Begin your copy at the line with "専有面積76.65平米の3L" in the records below and end it at the line with "- Serve: Serve", restating each line word for word; omit the pictures.

▶ [Data to use]
§ §

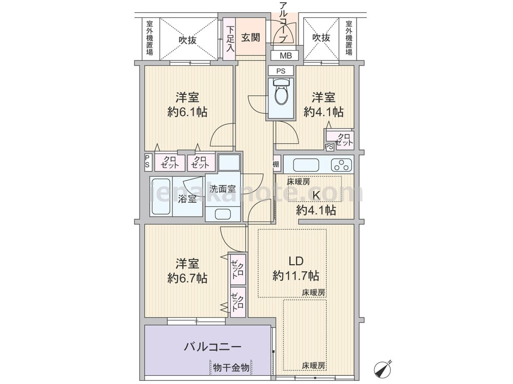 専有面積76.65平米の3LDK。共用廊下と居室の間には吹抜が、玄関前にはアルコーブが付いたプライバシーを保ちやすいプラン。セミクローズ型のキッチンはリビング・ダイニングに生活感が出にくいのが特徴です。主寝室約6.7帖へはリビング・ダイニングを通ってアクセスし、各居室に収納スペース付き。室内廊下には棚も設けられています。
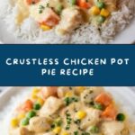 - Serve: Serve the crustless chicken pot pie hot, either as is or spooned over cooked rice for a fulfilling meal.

§ §

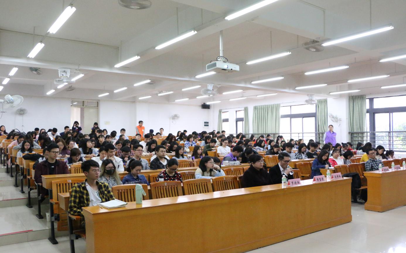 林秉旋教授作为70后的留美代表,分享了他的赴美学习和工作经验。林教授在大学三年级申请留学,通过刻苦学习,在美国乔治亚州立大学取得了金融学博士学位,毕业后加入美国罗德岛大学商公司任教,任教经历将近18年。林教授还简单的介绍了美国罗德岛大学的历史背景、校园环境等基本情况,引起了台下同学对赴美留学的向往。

§ §

▶ [Written solution]
 専有面積76.65平米の3LDK。共用廊下と居室の間には吹抜が、玄関前にはアルコーブが付いたプライバシーを保ちやすいプラン。セミクローズ型のキッチンはリビング・ダイニングに生活感が出にくいのが特徴です。主寝室約6.7帖へはリビング・ダイニングを通ってアクセスし、各居室に収納スペース付き。室内廊下には棚も設けられています。
 - Serve: Serve the crustless chicken pot pie hot, either as is or spooned over cooked rice for a fulfilling meal.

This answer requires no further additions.